John L Walters 

Lizz Wright

London jazz festival
  
  

Lizz Wright
Lizz Wright... A self-possessed young singer with a warm, attractive presence and a rich, strong voice Photograph: Public domain

How does she do it? Somehow, Lizz Wright is turning an early evening concert at the Purcell Room into an intimate, after-hours club. With a small, mainly acoustic band and some subtle lighting - which casts her statuesque silhouette on the side wall - the self-possessed young singer makes the South Bank's chilliest venue feel like a soiree for friends.

The timbre of her voice is what strikes you first - rich and strong, infused with gospel and the vocal heritage of jazz. She has a warm, attractive presence: sincere and not overly chatty but not shy. When she says a few words about the way that music is made by everybody in the room, and how much she appreciates our close attention to the music, everyone in the sold-out house returns her love tenfold.

The accompaniment is pretty minimal compared to that of her debut album Salt.
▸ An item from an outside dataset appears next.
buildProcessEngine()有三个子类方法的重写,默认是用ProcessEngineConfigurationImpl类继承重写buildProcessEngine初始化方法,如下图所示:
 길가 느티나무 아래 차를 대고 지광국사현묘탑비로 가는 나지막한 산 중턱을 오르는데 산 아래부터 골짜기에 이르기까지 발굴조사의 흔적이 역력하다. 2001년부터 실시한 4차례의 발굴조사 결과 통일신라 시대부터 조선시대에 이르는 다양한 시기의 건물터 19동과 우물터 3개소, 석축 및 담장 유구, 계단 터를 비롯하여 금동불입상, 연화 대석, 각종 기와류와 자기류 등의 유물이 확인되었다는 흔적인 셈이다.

There's Carl Burnett (acoustic guitar), Jon Cowherd (acoustic and electric pianos) and Jeffrey Haynes (hand percussion). Wright also strums a guitar for several numbers before standing to perform a highly original arrangement of Nature Boy for voice and percussion.
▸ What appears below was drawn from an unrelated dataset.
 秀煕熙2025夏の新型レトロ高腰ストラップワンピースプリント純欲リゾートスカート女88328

The colourful kit - djembe, congas, timbales and cymbals - leaves space to hear the range of Wright's vocals.

Haynes, a regular collaborator with Cassandra Wilson, is an unstoppable source of energy, whether beating out an intense pulse on cajon or playing right across his unconventional kit. He even attacks the outer shell of his kick drum during an exuberant solo slot. But it is Wright's show. She has the ability to get right inside her material: the cool funk gospel of Walk With Me, Lord; a re-interpreted Narrow Daylight (by Krall and Costello) accompanied by grand piano; the spacey acoustic funk of Chick Corea and Neville Potter's Open Your Eyes You Can Fly, the Flora Purim song she's made her own. Wright has an enviable ability to make focused, commercial music of great honesty. She's the real thing, and that's jazz.